---- PROVIDED DATA

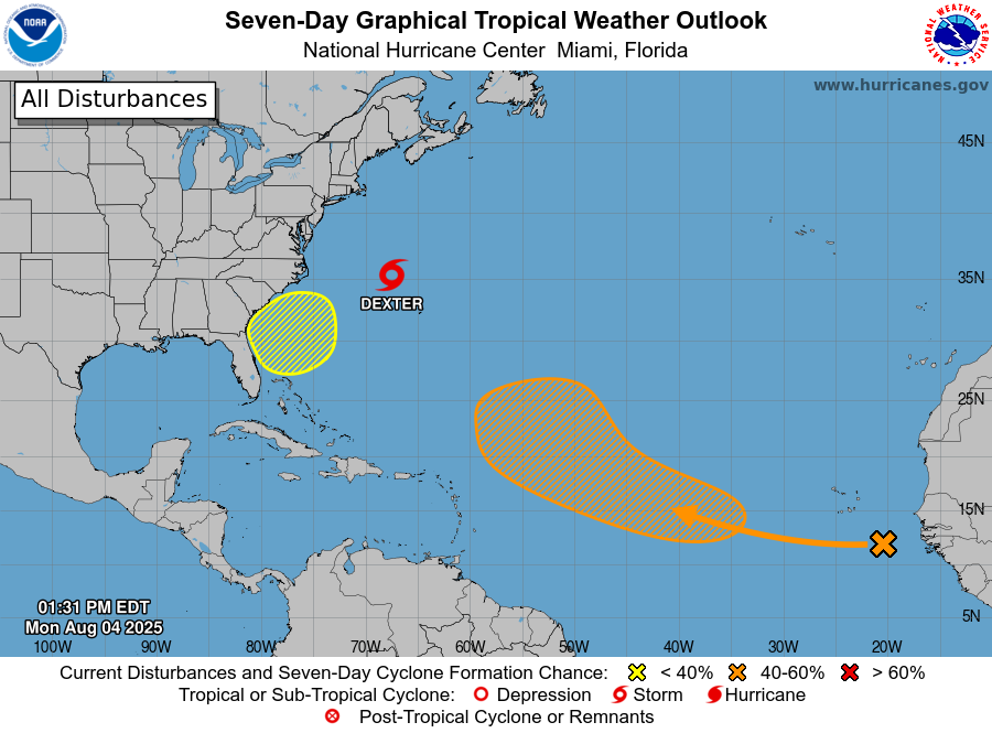 CHETUMAL, 4 de agosto.- En la noche del domingo se formó la tormenta tropical Dexter, cuarto ciclón con nombre de la temporada 2025 en el Atlántico, frente a la costa este de los Estados Unidos, por lo que no representa peligro para México, informó el Servicio Meteorológico Nacional (SMN).
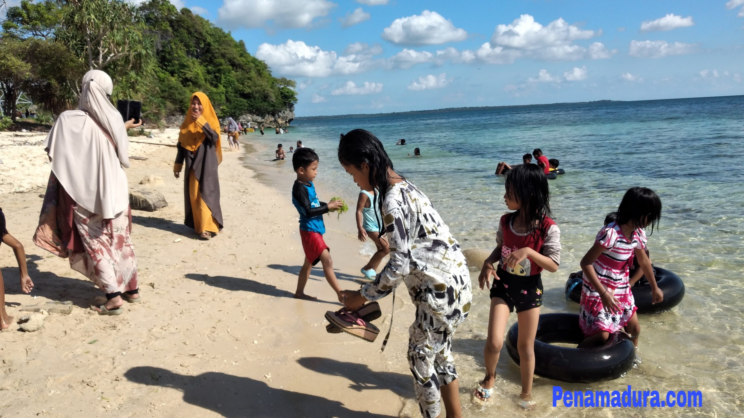 Setiap hari libur pantai pasir putih selalu di padati pengunjung, hamparan pasir putih dan air lautnya yang bening menjadi daya tarik tersendiri bagi para pengunjung yang ingin menghabiskan hari libur lebaran Idul Fitri 1444 H di pulau yang terletak di sebelah timur daratan Kabupaten Sumenep tersebut.
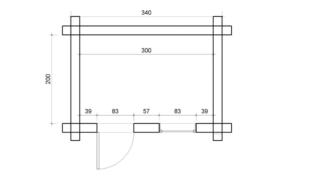 - Saunabänke: wie Skizze/Beispielbild; Verblendungen gerade; links keine Verblendung

--------

_WHAT THE TASK REQUIRES_.
Since the pictures are not part of the copy, transcribe only the remaining material, exactly.

_WRITTEN REPLY_.
 CHETUMAL, 4 de agosto.- En la noche del domingo se formó la tormenta tropical Dexter, cuarto ciclón con nombre de la temporada 2025 en el Atlántico, frente a la costa este de los Estados Unidos, por lo que no representa peligro para México, informó el Servicio Meteorológico Nacional (SMN).
 Setiap hari libur pantai pasir putih selalu di padati pengunjung, hamparan pasir putih dan air lautnya yang bening menjadi daya tarik tersendiri bagi para pengunjung yang ingin menghabiskan hari libur lebaran Idul Fitri 1444 H di pulau yang terletak di sebelah timur daratan Kabupaten Sumenep tersebut.
 - Saunabänke: wie Skizze/Beispielbild; Verblendungen gerade; links keine Verblendung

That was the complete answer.